In an effort to identify areas for potential improvement, GAO underwent 
two peer reviews in fiscal year 2005. We obtained a clean opinion on 
our performance audit practice from an international team of 
experienced auditors--the first time that we have sought such an 
opinion. The independent reviewers concluded that we have designed and 
implemented an effective system of quality controls to provide 
reasonable assurance of complying with generally accepted government 
auditing standards, which are designed to ensure that audits of 
government activities are objective, independent, and reliable. This 
opinion validated that the Congress and the American people can rely on 
our work and products. Also during fiscal year 2005, GAO received an 
unqualified report, or clean opinion, on the results of the external 
peer review of its financial audit practice. External peer reviews are 
conducted on a 3-year cycle, and this is the fourth such clean opinion 
that GAO has received from an external peer reviewer since the program 
began in fiscal year 1996. The external peer reviewer, KPMG LLP, found 
that the system of quality control for GAO's financial auditing 
practice met professional standards and that GAO in fact complied with 
the standards. 

In fiscal year 2005, we met or exceeded targets for 10 of our 14 
performance measures, while setting or matching all-time records for 3 
measures. We documented $39.6 billion in financial benefits--a return 
of $83 for every dollar we spent--and over 1,400 nonfinancial benefits-
-a record for us. Our targets for fiscal years 2006 and 2007 will 
continue to challenge the agency in our efforts to support the Congress 
and serve the American people. Beginning with fiscal year 2006, we will 
add 2 internal operations measures to the list. These 2 new performance 
measures will assess how well our mission and people are supported by 
our infrastructure operations staff. 

In fiscal year 2005, we issued two products that will assist the 
Congress as it addresses future challenges. Recognizing the importance 
and scope of these reports, we provided a copy to every member of 
Congress and each Committee, as well as the White House. Our report 
entitled 21st Century Challenges: Reexamining the Base of the Federal 
Government provides a series of illustrative questions related to 12 
areas of federal activity as well as our perspective on various 
strategies and approaches that should be considered as a possible means 
to address the issues and questions raised in the report. Drawing on 
our institutional knowledge and extensive program evaluation and 
performance assessment work for the Congress, we presented over 200 
specific 21st century questions illustrating the types of hard choices 
our nation needs to face as it reexamines what the federal government 
should do, how it should do it, and how it should be financed. We also 
issued our High-Risk Series: An Update, which identifies federal areas 
and programs at risk of fraud, waste, abuse, and mismanagement and 
those in need of broad-based transformations. The issues affecting many 
of these areas and programs may take years to address, and the report 
will serve as a useful guide for the Congress's future programmatic 
deliberations and oversight activities. The current administration has 
looked to our high-risk program in shaping governmentwide initiatives 
such as the President's Management Agenda, which has at its base many 
of the areas we had previously identified as high risk. The Office of 
Management and Budget (OMB), in consultation with GAO, is currently 
working to ensure that agencies develop detailed action plans to 
address high-risk areas, with the ultimate objective, over time, of 
seeing these items removed from our high-risk list. 

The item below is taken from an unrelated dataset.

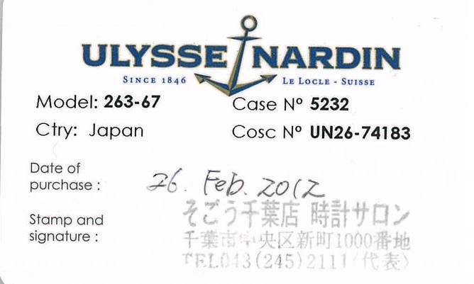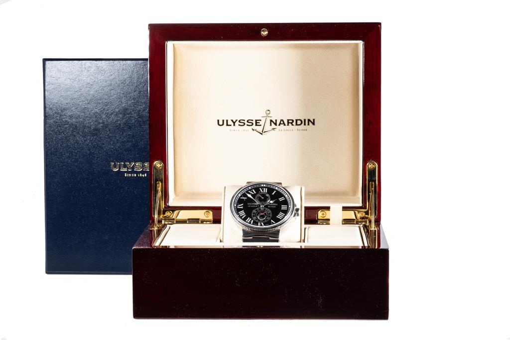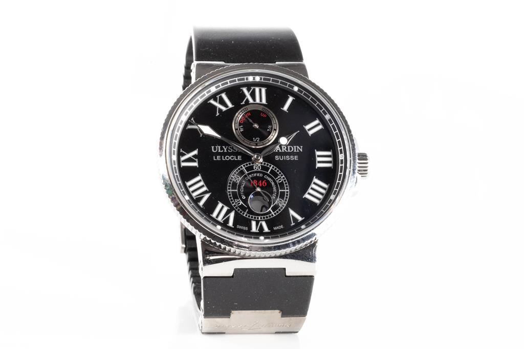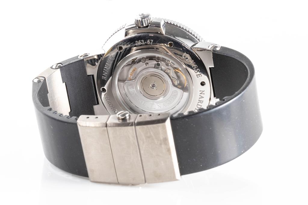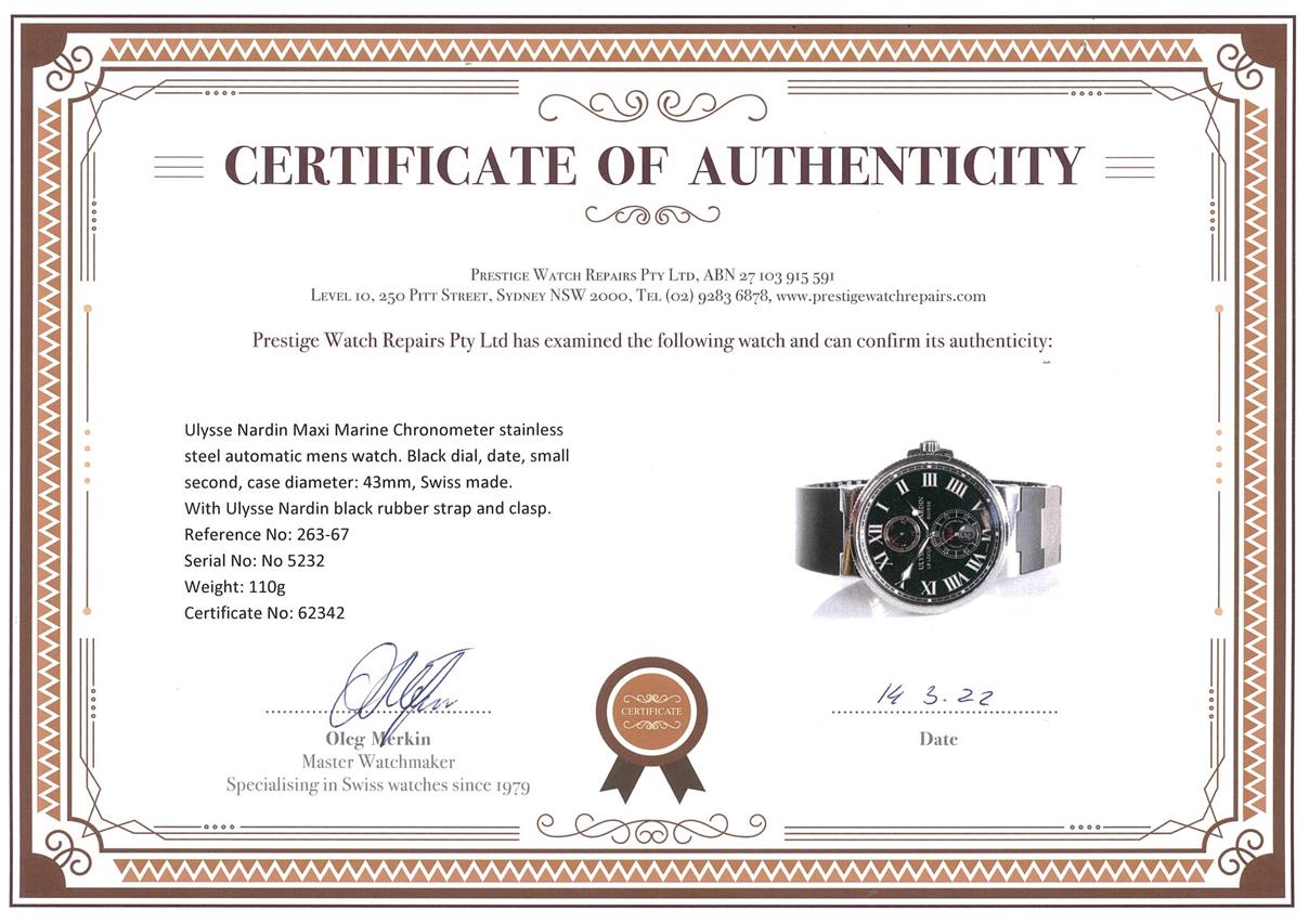 Ulysse Nardin Maxi Marine Chronometer stainless steel automatic mens watch. Black dial, date, small second, case diameter: 43mm, wrist size: 17.5cm, Swiss made. Ref# 263-67. With Ulysse Nardin black rubber strap and clasp. With Certificate of Authenticity, Ulysse Nardin International Guarantee Certificate Card dated 26/02/2012 and Ulysse Nardin box. 3 month FSA warranty. (Pre-owned)

As in past years, during fiscal year 2005, our work covered a number of 
major topics of concern to the nation and, in some cases, the world. 
For example, we reported on the nation's long-term fiscal challenges, 
the financial condition of the airline industry, spending and 
reconstruction activities related to Iraq and Afghanistan, and 
strengthening the visa process as an antiterrorism tool. We also 
examined the Department of Defense's (DOD's) transformation challenges, 
base realignment and closure issues, increasing the strategic focus of 
federal acquisitions, protecting against identity theft, the oversight 
of electricity markets, zero down-payment mortgages, and immigration 
enforcement. We testified many times before the Congress, contributing 
to the public debate on a variety of topics that included Social 
Security reform, pension reform, postal reform, GSE oversight, wildland 
fire management, gasoline prices, the flu vaccine, veterans' health 
care, benefits for members of the Reserves and National Guard, digital 
broadcast television, long-term health care financing, passport fraud 
detection, reducing the tax gap, information security, and a range of 
financial management and accountability issues. In addition, we 
conducted a range of work on a variety of legislative branch agencies 
and projects, including the Capitol Visitor's Center, the Architect of 
the Capitol, and the U.S. Capitol Police. 

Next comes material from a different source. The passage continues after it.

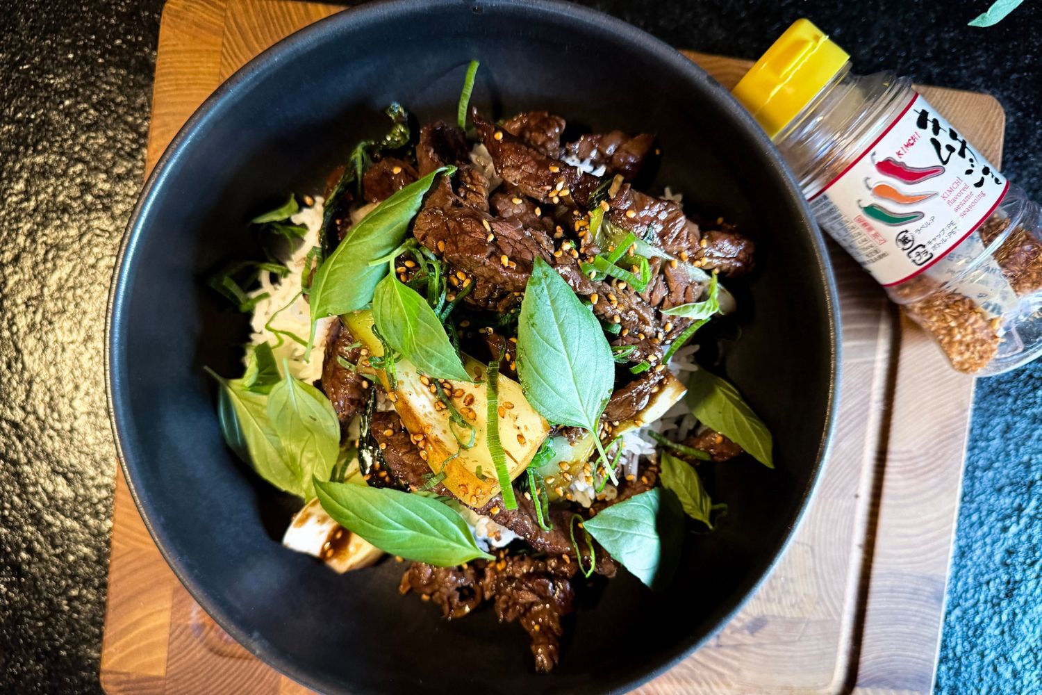 Die Intensität dieses Thai-Basil-Flanksteaks entsteht durch die Kombination aus hochwertigem Flanksteak und einer klassischen thailändischen Marinade, die das Fleisch besonders zart macht. Durch die Mischung aus Sojasauce, etwas Wasser und Stärke wird das Steak sanft velvetted, eine Technik der asiatischen Küche, bei der Fleisch seine Saftigkeit und Struktur behält. Beim scharfen Anbraten im Wok entstehen kräftige Röstaromen, die später mit der süß-würzigen Sauce verschmelzen. Das frisch hinzugefügte Thai-Basilikum verleiht dem Gericht seinen charakteristischen, leicht anisartigen Duft und hebt das gesamte Geschmacksprofil auf ein authentisches thailändisches Niveau.

This past year we also continued to take steps internally to help us 
achieve our goal of being a model federal agency and a world-class 
professional services organization. These steps helped us to address 
our three major management challenges--human capital, physical 
security, and information security. Through the GAO Human Capital 
Reform Act of 2004, the Congress granted GAO several additional human 
capital flexibilities that will allow us, among other things, to move 
to an even more performance-oriented and market-based compensation 
system. As you have heard me say many times, our most valuable asset is 
our people, and the flexibilities granted in this act will help us to 
continue to modernize our people-related policies and strategies, 
which, in turn, will help ensure that we are well-equipped to serve the 
Congress and the American people in the years to come. As a result, we 
are continuing to take a range of actions designed to modernize our 
human capital policies and practices. In fiscal year 2005, we adopted a 
broad pay band approach and a more performance-oriented pay system for 
our administrative staff. In fiscal year 2006, we implemented a more 
market-based and skills-, knowledge-, and performance-oriented 
classification and pay system for all of our employees. 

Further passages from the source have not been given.